The number of times I have travelled this road, and completely missed this little beauty, though in fairness it is a road well used by the NWP, and their speed camera van as a cash cow, and as I tend to drive at my own pace so my eyes are firmly looking for the hidden van.
I mean what is it with these fuckers? The area is not near a school, no antecedent history of crashes, let alone fatalities.
So here it is hidden from view from the main road, it’s sitting on a side road that used to lead to a long demolished cottage hospital, where now sits non-affordable homes for non-local people.
This had to be the easiest little mooch in ages, parking up and walking back from the main road, not even a fence to negotiate.
Miles from the sea and any other water course, one wonders why?
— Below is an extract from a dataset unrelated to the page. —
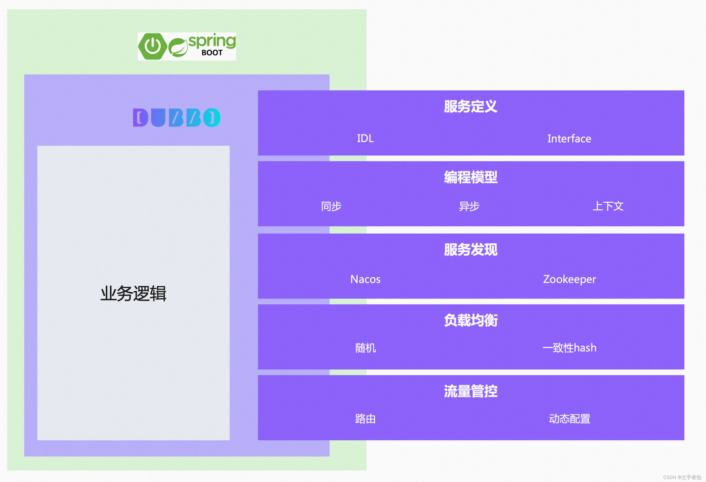 Dubbo 不是应用框架的替代者,它可以很好的工作在每种语言的主流编程框架之上,以 Java 为例,Dubbo 可以很好的与 Spring 协作,并在此基础上提供服务定义、微服务编程、服务发现、负载均衡、流量管控等能力。

Careful where I was treading I could hear the neighbours the other side of the fence, complete with fucking yapping handbag dog:
I wasn’t in the mood for climbing through windows.
As I searched for an open door, ever closer to the open windows the sweet smell of decay wafting out was starting to give me a stiffy; the undergrowth becoming more dense and hence noisy:
fuck it: through the window I go.
Not one, but two pianos, that’s just overwhelming in such a small cottage,
No MP3 player for this chappy.
I suppose this crappie was one music aficionado,
I hunted high: I hunted low
Random clothing hung from picture rails along with the remnants of old, very old, Xmas paper decorations.
How do I know? well the measurements for a start are in proper money, and I remember my old dad climbing into the attic every December to retrieve a box of similar garlands.
I think I would rather wear my clothes with creases in.
Looks like Ernest was a cricket lover too
The book markers, with scribbled scoring annotations.
Counciltax documents from the 90’s,
And a selection of various publications from further back in time.
“Negroes picking peppers in Louisiana”, what quaint times we lived in
I’m sure the garden views from the kitchen were enjoyable once.
I’ve never seen a kitchen sink before with two sets of taps, thinking “slightly over-engineered”
Everything has its place, stored neatly on a hook or a nail.
No frills instant mashed potato, a staple, part of your 5 a day bollocks, or whatever diet the nanny state are trying to impose upon the weak minded sheeple.
A bathroom, a convenient place to hang your pants to dry when you are bereft of a tumble dryer.
And how quaint soft gentle bog roll accompanied by sheets of Izal, for those stubborn stains
Fluffy toys , well one flea bitten teddy bear and a head.
Well if this old boy got to 90 years of age eating no frills instant mashed potato, get me to fucking Waitrose ASAP.